--- BRIEF ---
Output every line of the material exactly, omitting images.
─── RECORDED INFORMATION
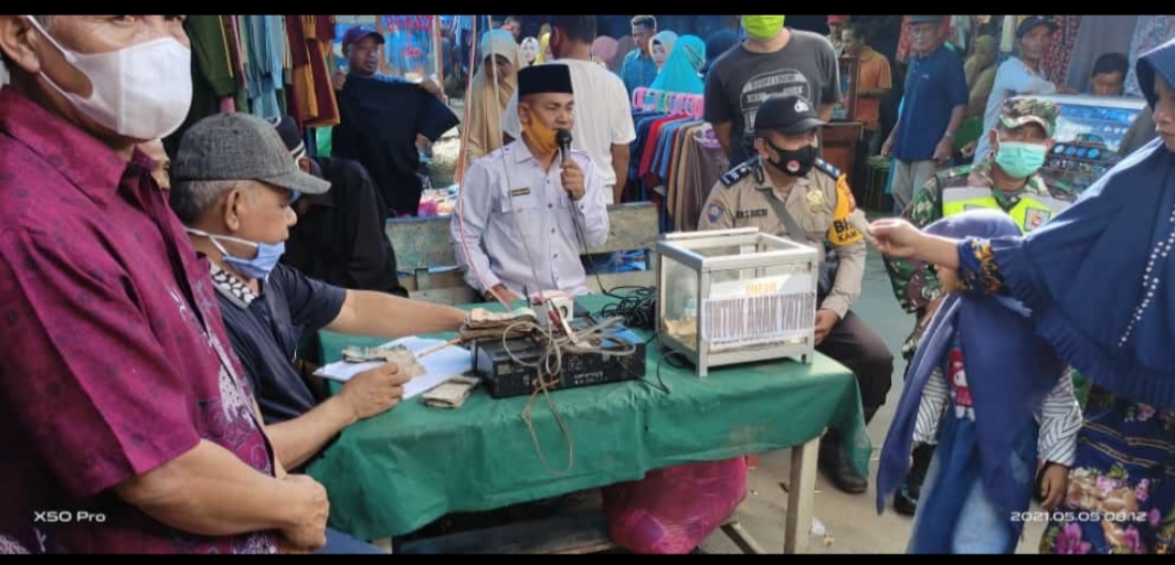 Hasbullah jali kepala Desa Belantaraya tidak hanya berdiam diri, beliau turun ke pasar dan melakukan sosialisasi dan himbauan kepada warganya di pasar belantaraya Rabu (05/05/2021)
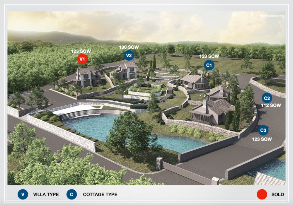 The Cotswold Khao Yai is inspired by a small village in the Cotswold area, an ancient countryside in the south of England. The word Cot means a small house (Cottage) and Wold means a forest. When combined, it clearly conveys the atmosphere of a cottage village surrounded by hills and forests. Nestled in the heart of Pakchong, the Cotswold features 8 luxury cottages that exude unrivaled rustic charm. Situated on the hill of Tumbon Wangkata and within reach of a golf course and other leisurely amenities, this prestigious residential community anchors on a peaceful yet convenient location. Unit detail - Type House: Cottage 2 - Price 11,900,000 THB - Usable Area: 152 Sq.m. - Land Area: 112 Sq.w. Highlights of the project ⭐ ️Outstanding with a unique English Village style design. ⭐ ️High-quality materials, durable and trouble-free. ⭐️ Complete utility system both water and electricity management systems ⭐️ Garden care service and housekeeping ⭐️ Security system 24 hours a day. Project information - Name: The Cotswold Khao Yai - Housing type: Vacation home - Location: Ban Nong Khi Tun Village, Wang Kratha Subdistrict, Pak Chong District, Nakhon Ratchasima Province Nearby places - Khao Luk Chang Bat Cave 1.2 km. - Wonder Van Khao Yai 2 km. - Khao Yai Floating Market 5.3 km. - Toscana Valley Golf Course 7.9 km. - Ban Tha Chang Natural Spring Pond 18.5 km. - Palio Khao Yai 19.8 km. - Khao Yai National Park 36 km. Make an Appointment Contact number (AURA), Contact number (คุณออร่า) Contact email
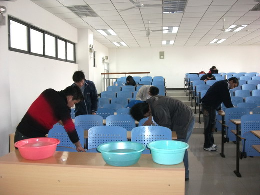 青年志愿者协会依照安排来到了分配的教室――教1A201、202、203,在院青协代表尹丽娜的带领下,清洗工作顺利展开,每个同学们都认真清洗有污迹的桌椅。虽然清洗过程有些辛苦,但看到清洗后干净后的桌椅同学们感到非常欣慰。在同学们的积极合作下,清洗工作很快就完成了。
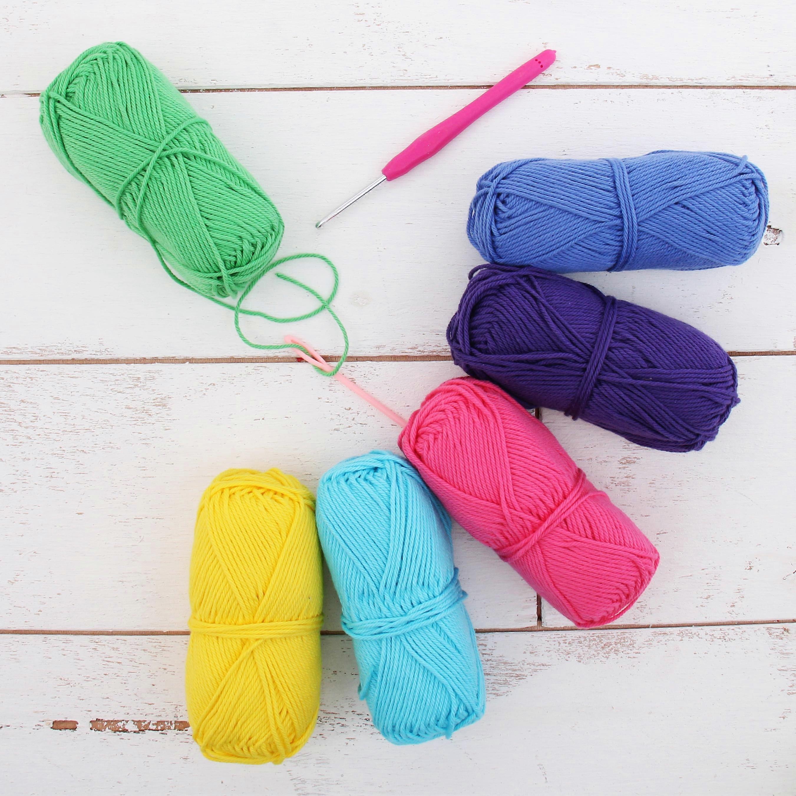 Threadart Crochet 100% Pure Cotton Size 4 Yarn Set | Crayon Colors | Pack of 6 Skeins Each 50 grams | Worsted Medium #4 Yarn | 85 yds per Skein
──────
--- RESULT FOR THIS EXERCISE ---
 Hasbullah jali kepala Desa Belantaraya tidak hanya berdiam diri, beliau turun ke pasar dan melakukan sosialisasi dan himbauan kepada warganya di pasar belantaraya Rabu (05/05/2021)
 The Cotswold Khao Yai is inspired by a small village in the Cotswold area, an ancient countryside in the south of England. The word Cot means a small house (Cottage) and Wold means a forest. When combined, it clearly conveys the atmosphere of a cottage village surrounded by hills and forests. Nestled in the heart of Pakchong, the Cotswold features 8 luxury cottages that exude unrivaled rustic charm. Situated on the hill of Tumbon Wangkata and within reach of a golf course and other leisurely amenities, this prestigious residential community anchors on a peaceful yet convenient location. Unit detail - Type House: Cottage 2 - Price 11,900,000 THB - Usable Area: 152 Sq.m. - Land Area: 112 Sq.w. Highlights of the project ⭐ ️Outstanding with a unique English Village style design. ⭐ ️High-quality materials, durable and trouble-free. ⭐️ Complete utility system both water and electricity management systems ⭐️ Garden care service and housekeeping ⭐️ Security system 24 hours a day. Project information - Name: The Cotswold Khao Yai - Housing type: Vacation home - Location: Ban Nong Khi Tun Village, Wang Kratha Subdistrict, Pak Chong District, Nakhon Ratchasima Province Nearby places - Khao Luk Chang Bat Cave 1.2 km. - Wonder Van Khao Yai 2 km. - Khao Yai Floating Market 5.3 km. - Toscana Valley Golf Course 7.9 km. - Ban Tha Chang Natural Spring Pond 18.5 km. - Palio Khao Yai 19.8 km. - Khao Yai National Park 36 km. Make an Appointment Contact number (AURA), Contact number (คุณออร่า) Contact email
 青年志愿者协会依照安排来到了分配的教室――教1A201、202、203,在院青协代表尹丽娜的带领下,清洗工作顺利展开,每个同学们都认真清洗有污迹的桌椅。虽然清洗过程有些辛苦,但看到清洗后干净后的桌椅同学们感到非常欣慰。在同学们的积极合作下,清洗工作很快就完成了。
 Threadart Crochet 100% Pure Cotton Size 4 Yarn Set | Crayon Colors | Pack of 6 Skeins Each 50 grams | Worsted Medium #4 Yarn | 85 yds per Skein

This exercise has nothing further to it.